Task> Please reproduce the lines from the one containing "Holz, gepreßt. Die" through the end of the data below exactly as they stand, and omit all pictures.

Collected material>
Start of Block
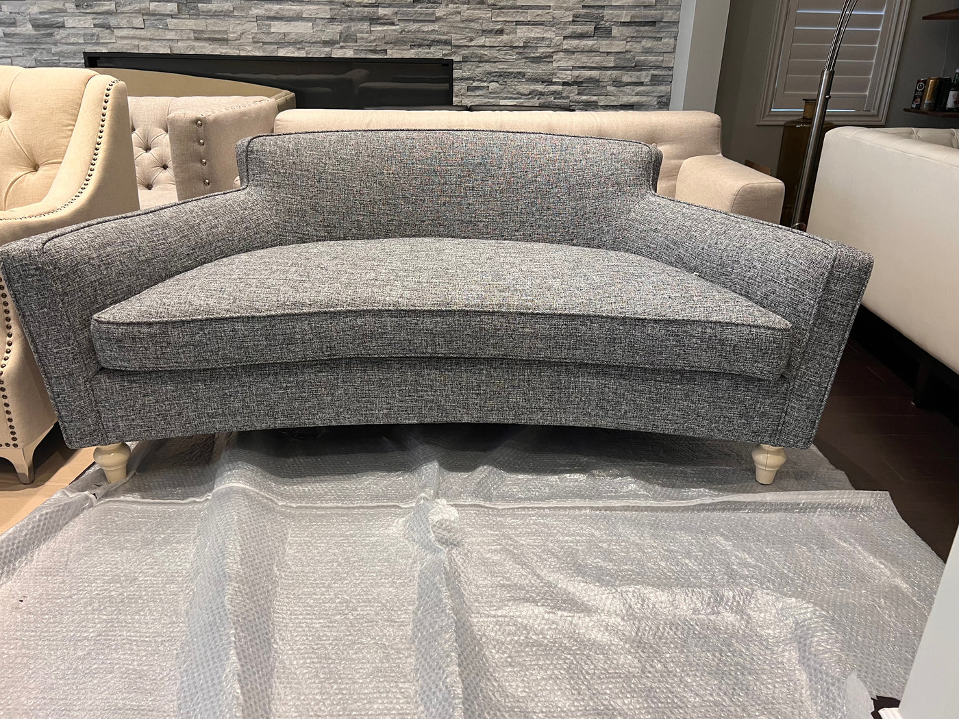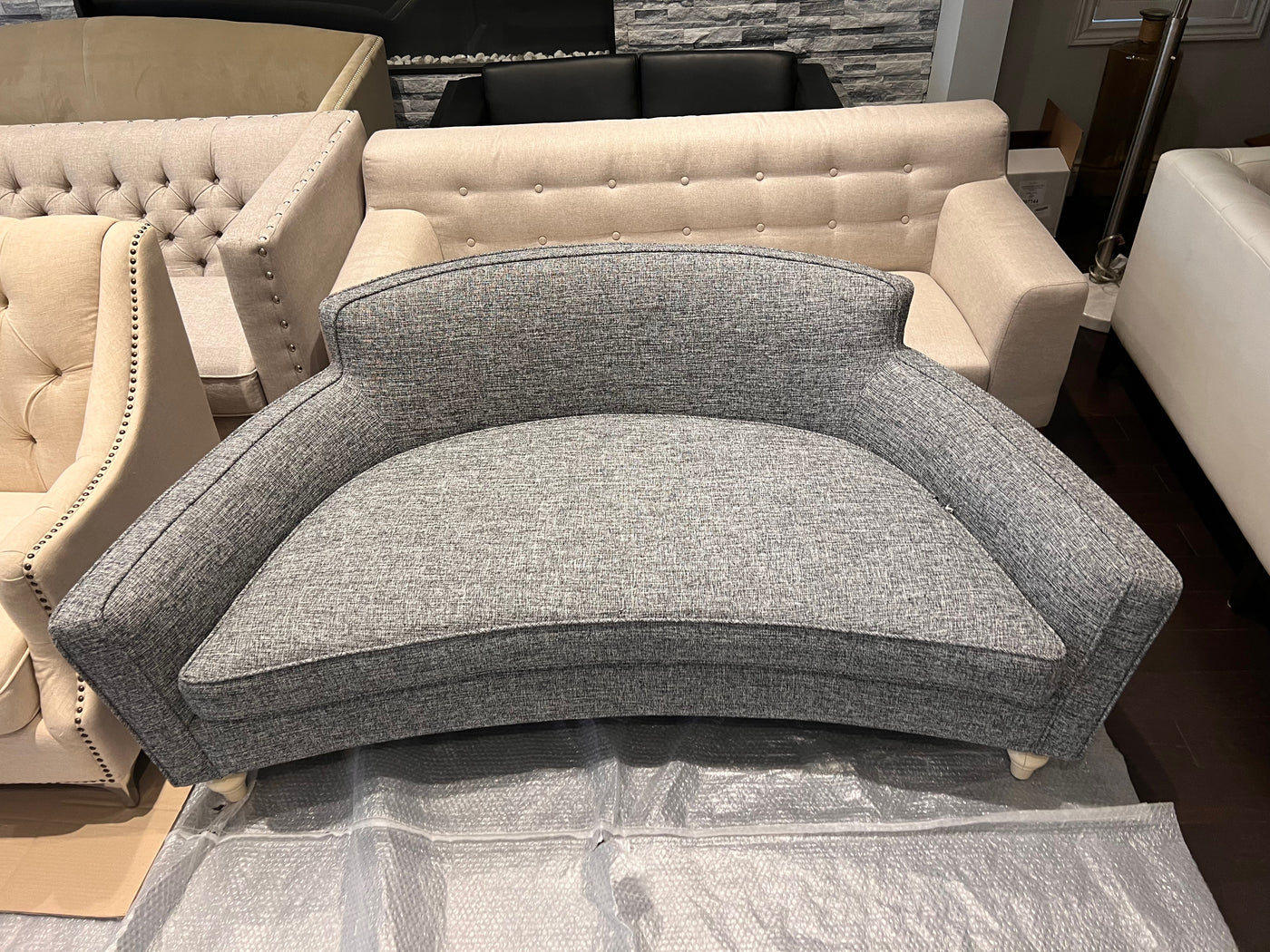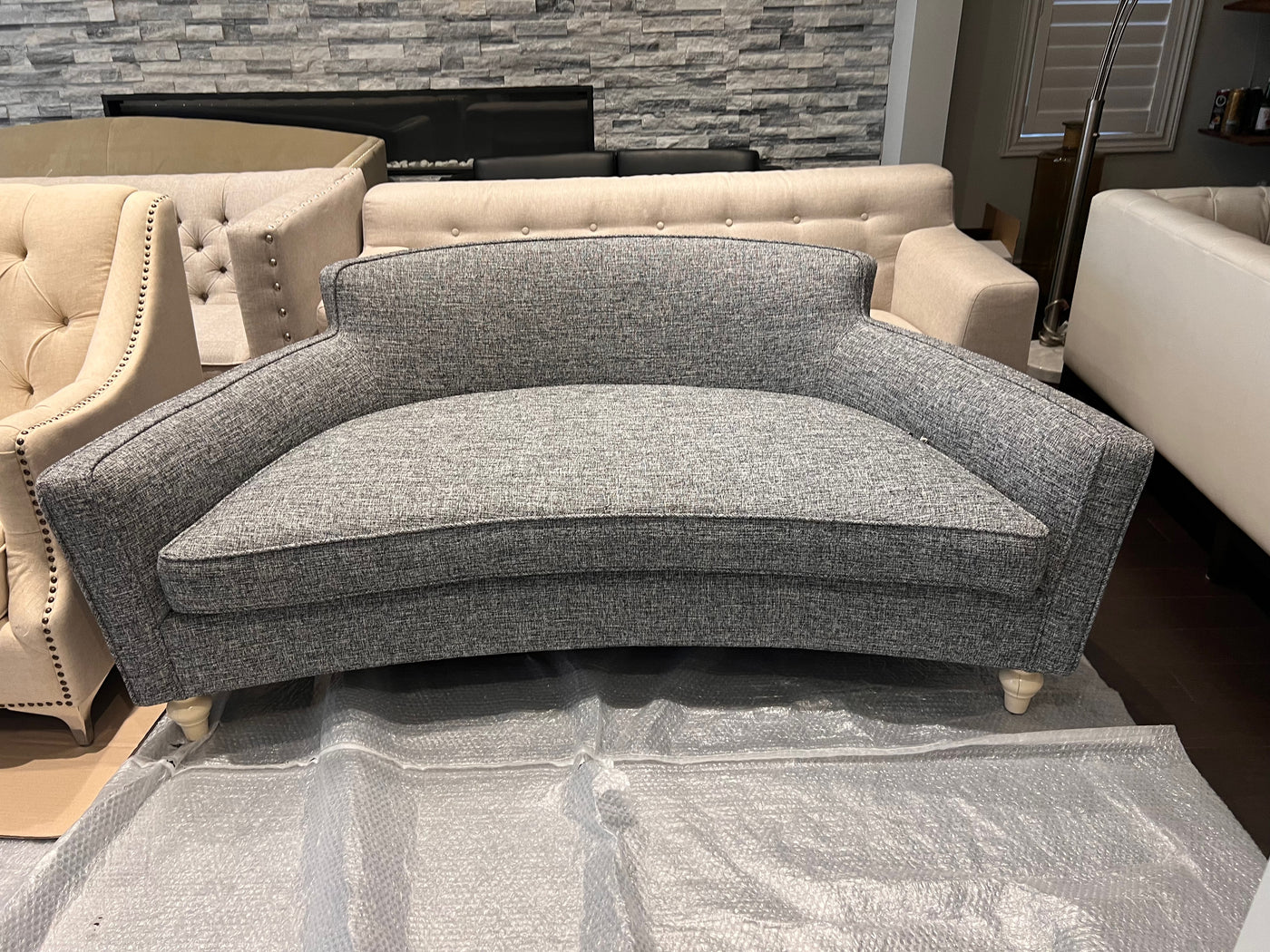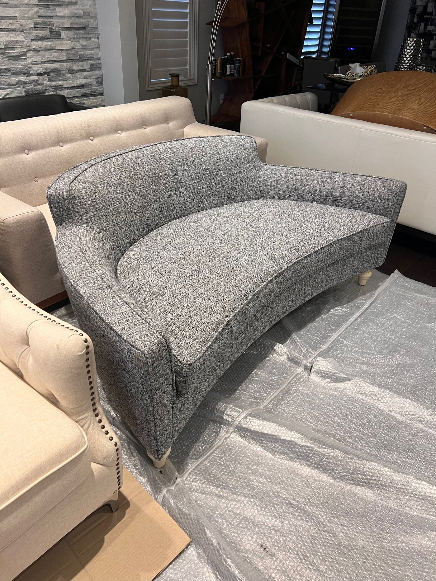 Grey Upholstered Curved Sofa/Bench.
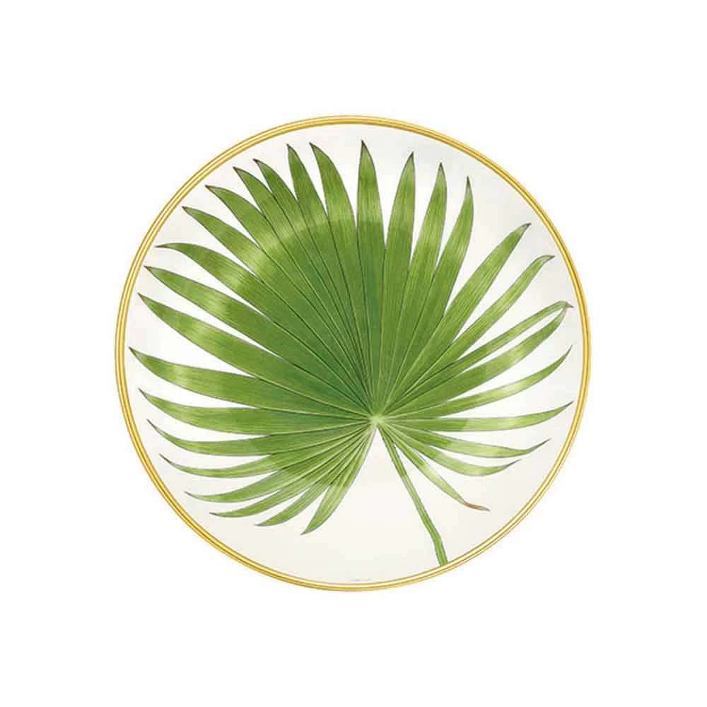 A celebration of tropical foliage, Hermes Passifolia Dinnerware features brightly colored plants and flowers. This new pattern for 2020 pays homage to the beauty of exotic nature. With a variety of bold patterns, this collection was designed to mix and match. Made from Limoges porcelain and detailed with a gold rim.
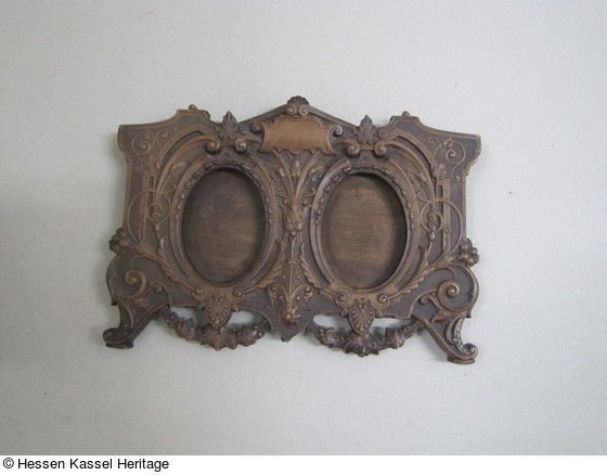 Holz, gepreßt. Die Rückwand ist durch zwei Scharniere mit der Vorderseite verbunden. |
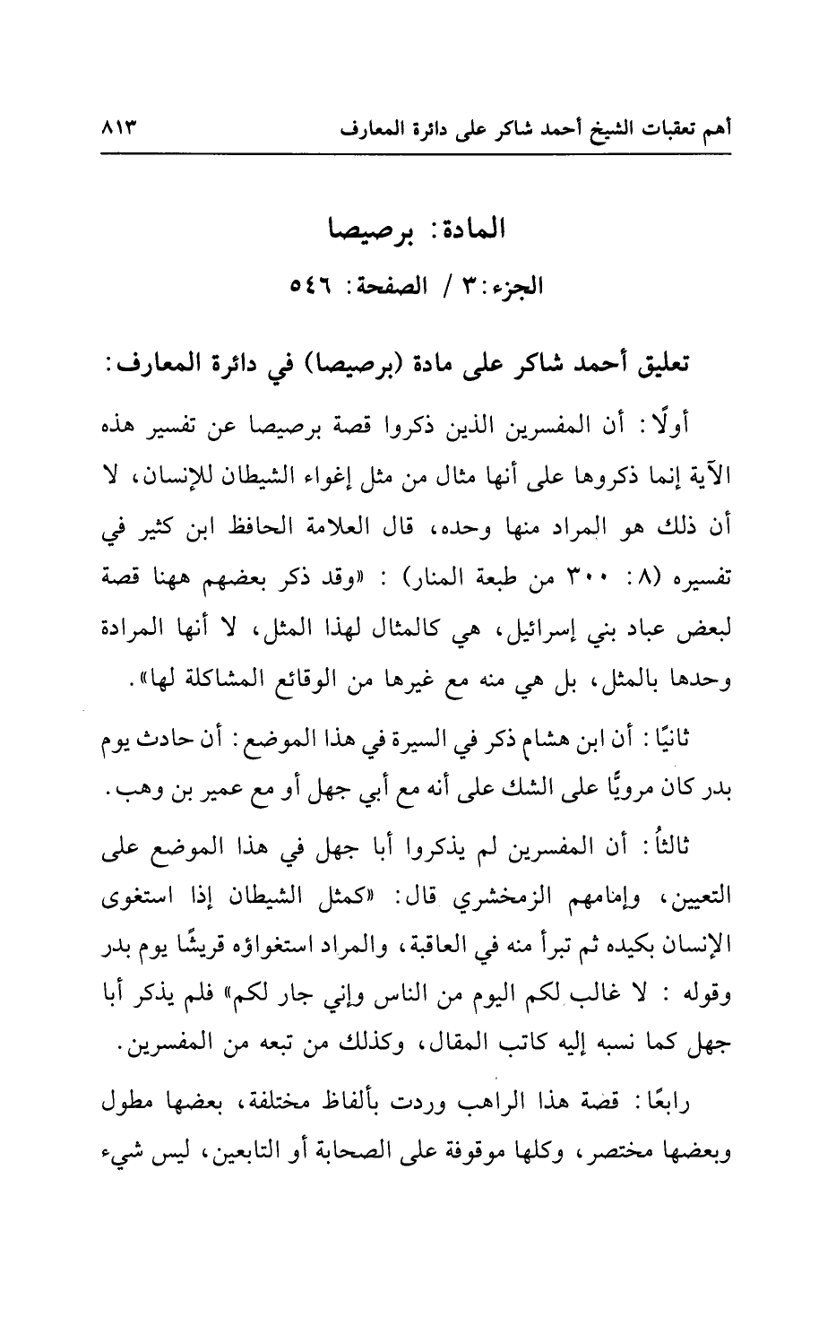 تعليق أحمد شاكر على مادة (برصيصا) في دائرة المعارف:
End of Block
Worked solution>
 Holz, gepreßt. Die Rückwand ist durch zwei Scharniere mit der Vorderseite verbunden. |
 تعليق أحمد شاكر على مادة (برصيصا) في دائرة المعارف:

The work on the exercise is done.